Я даже не сразу понял, о чем он говорит, а когда понял, взревел: «Да вы что?» и бросился к амбару. Вижу, сидят мои полячки уже все как один раздетые, в одном белье, а мои ребята сидят вокруг костра и делят их одежду.
— Вернуть все!.. Сию же секунду! — заорал я вне себя от ярости и был, наверное, при этом настолько страшен, что все сразу вернули, только штаны одного из поляков так и не нашлись.

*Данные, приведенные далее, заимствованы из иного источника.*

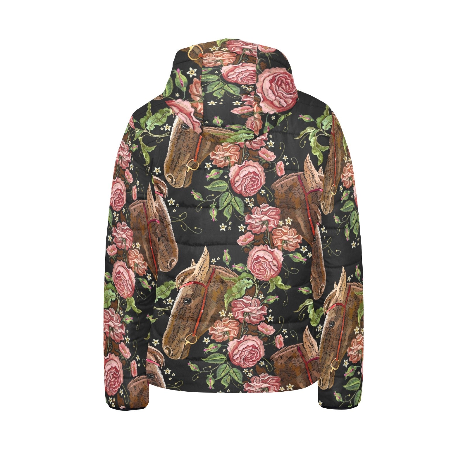 Horse head wild roses pattern Kids' Boys' Girls' Padded Hooded Jacket
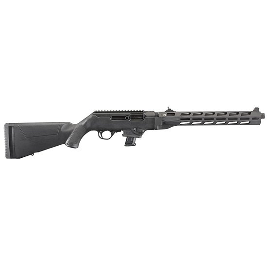 Caliber: 9mm Luger – Stock: Black Synthetic with Aluminum Free-Float Handguard – Capacity: 10 – Barrel Length: 16.12 – Overall Length: 34.37 – Barrel Feature: Threaded Fluted – Front Sight: Protected Blade – Rear Sight: Adjustable Ghost Ring – Thread Pattern: 1/2-28 – Weight: 7 lb. – Length of Pull: 12.62 – 14.12 – Material: Aluminum Alloy – Finish: Type III Hardcoat Anodized – Twist: 1:10 RH – Grooves: 6 – CNC-milled handguard that is Type III hard-coat anodized aluminum for maximum durability with Magpul® M-LOK® accessory attachment slots on all four sides for easy mounting of M-LOK-compatible rails and accessories. – Interchangeable magazine wells for use of common Ruger® and Glock® magazines. Ships with SR-Series™/Security-9® pistol magazine well installed and an additional magazine well accepting Glock® magazines is included*. Ruger American® Pistol magazine wells are available at ShopRuger.com. – Easy takedown enables quick separation of the barrel/forend assembly from the action for ease of transportation and storage. Takedown is as simple as locking the bolt back and verifying that the rifle is unloaded pushing a recessed lever twisting the subassemblies and pulling them apart. – Dead blow action features a custom tungsten dead blow weight that shortens bolt travel and reduces felt recoil and muzzle rise. Bolt is machined from heat treated chrome-moly steel to ensure strength structural integrity and durability. – Reversible magazine release and reversible charging handle to support ambidextrous use or one-handed control manipulation while maintaining a proper firing grip*. – Cold hammer-forged chrome-moly steel barrel with ultra-precise rifling provides exceptional accuracy and longevity. The heavy contour barrel provides consistent accuracy while barrel fluting sheds unnecessary weight and allows for quick handling. – Threaded barrel with included thread protector allows for use of standard muzzle accessories. – Accurate sighting system with adjustable ghost ring rear aperture sight and non-glare protected blade front sight. – Soft rubber buttpad with spacers allows the rifle to be properly sized for different shooters or varying levels of outerwear or defensive gear (three 1/2 spacers included). – Durable glass-filled nylon synthetic buttstock features a proprietary texture for enhanced control and an integral sling mount for rapid sling attachment . – Light crisp trigger pull with minimal overtravel and positive reset utilizing proven 10/22® trigger components. – CNC-machined from an aerospace-grade 7075-T6 aluminum billet the receiver includes an integrated Picatinny rail and is Type III hard-coat anodized for maximum durability. – Also includes: one SR-Series™ pistol magazine and hex wrenches for rear sight adjustment buttpad spacer adjustment and charging handle removal.

Слава Богу, самолет скоро прилетел, поляки улетели, и мы смогли оторваться от противника. Но когда мы обосновались на новом месте, меня вызвали в Киев, в ЦК КП(б)У. Прямо с самолета явился к Хрущеву, но его помощник Галочка сказал, что он сейчас в Москве, скоро прилетит и меня примет. И ясно было, что ничего хорошего это мне не сулит… И работники ЦК, с которыми я заговаривал, обращались со мной как с человеком обреченным. Нечего делать, пошел бродить по городу. Купил в киоске «Правду». Смотрю: на видном месте сообщение, что образован «Польский комитет национального освобождения», а ниже портреты его членов помещены. Вгляделся — да это ж мои полячки, все как один. Может, это меня выручит, думаю, вот главный мой полячок — Гомулка, а тот, чьи штаны не нашлись, глава этого комитета, Осубко-Моравский.
Хрущев принял меня хорошо. На объяснение, которое я приготовил и привез с собой, даже смотреть не стал. А сказал:
— Приготовьте список на двенадцать человек для получения звания Героя Советского Союза, но одно место оставьте незаполненным (понятно было, что это для меня самого).
— Но я составил список в четырнадцать человек.
— Какое у вас образование, товарищ Вершигора? — спросил Хрущев. Я ответил, что два высших.
— Почему ж вы так плохо считаете?
— Потому что люди заслужили, — ответил я. Потом разговор перешел на другую тему…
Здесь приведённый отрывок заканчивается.